▶ _Exercise aim_
Here is the task for the listing below: output exactly the lines from the one containing "Мешки для мусора" through the one containing "Nodarbības ietvaros jaunieši", and leave out the pictures.

▶ _Listed records_
#####

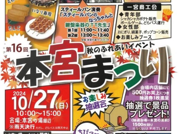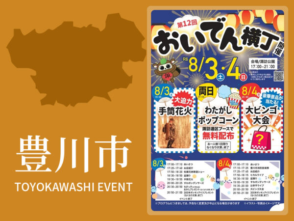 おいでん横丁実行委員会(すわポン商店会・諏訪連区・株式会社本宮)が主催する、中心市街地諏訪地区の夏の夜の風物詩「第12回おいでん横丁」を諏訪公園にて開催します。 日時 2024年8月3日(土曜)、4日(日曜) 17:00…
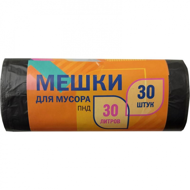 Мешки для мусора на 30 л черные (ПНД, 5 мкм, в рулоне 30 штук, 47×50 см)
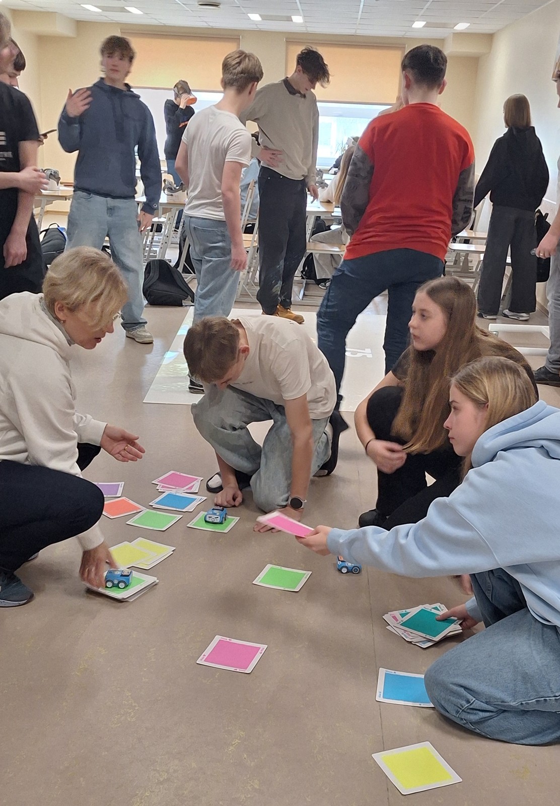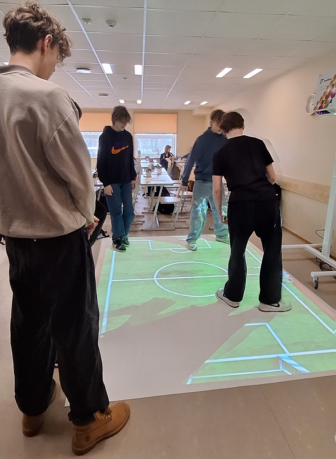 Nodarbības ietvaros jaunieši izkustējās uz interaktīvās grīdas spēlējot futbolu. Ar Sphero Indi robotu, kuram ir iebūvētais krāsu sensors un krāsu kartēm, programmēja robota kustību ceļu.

#####

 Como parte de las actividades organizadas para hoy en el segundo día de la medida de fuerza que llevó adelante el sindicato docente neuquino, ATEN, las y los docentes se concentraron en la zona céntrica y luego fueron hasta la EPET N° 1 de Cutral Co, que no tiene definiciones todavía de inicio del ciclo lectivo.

#####

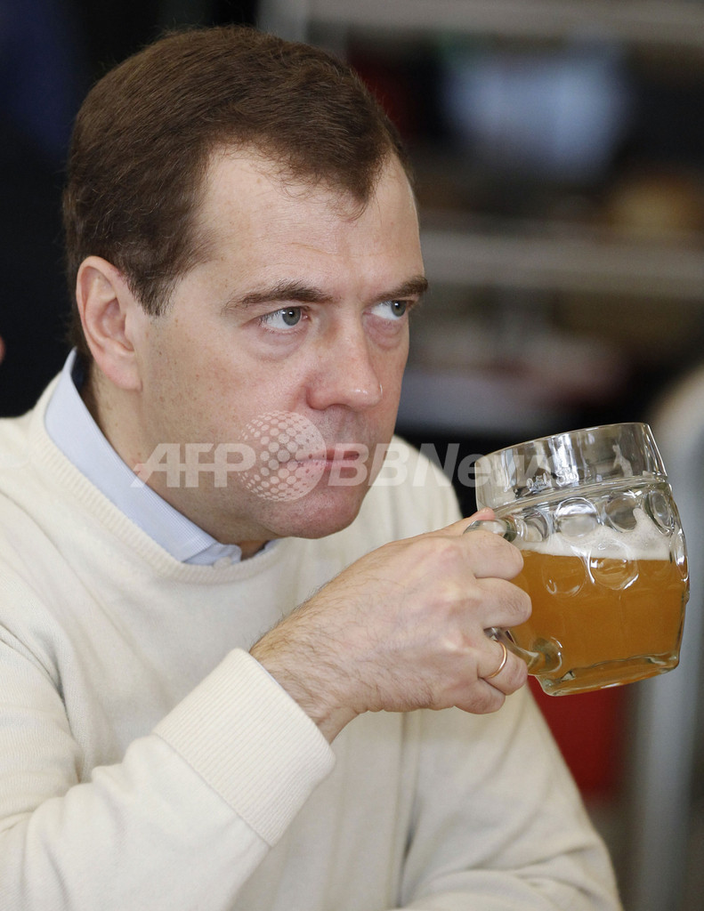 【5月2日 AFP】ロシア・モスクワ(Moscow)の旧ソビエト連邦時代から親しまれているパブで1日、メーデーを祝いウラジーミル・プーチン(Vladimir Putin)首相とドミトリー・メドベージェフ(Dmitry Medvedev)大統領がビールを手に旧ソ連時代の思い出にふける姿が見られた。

#####

▶ _Result of this exercise_
 Мешки для мусора на 30 л черные (ПНД, 5 мкм, в рулоне 30 штук, 47×50 см)
 Nodarbības ietvaros jaunieši izkustējās uz interaktīvās grīdas spēlējot futbolu. Ar Sphero Indi robotu, kuram ir iebūvētais krāsu sensors un krāsu kartēm, programmēja robota kustību ceļu.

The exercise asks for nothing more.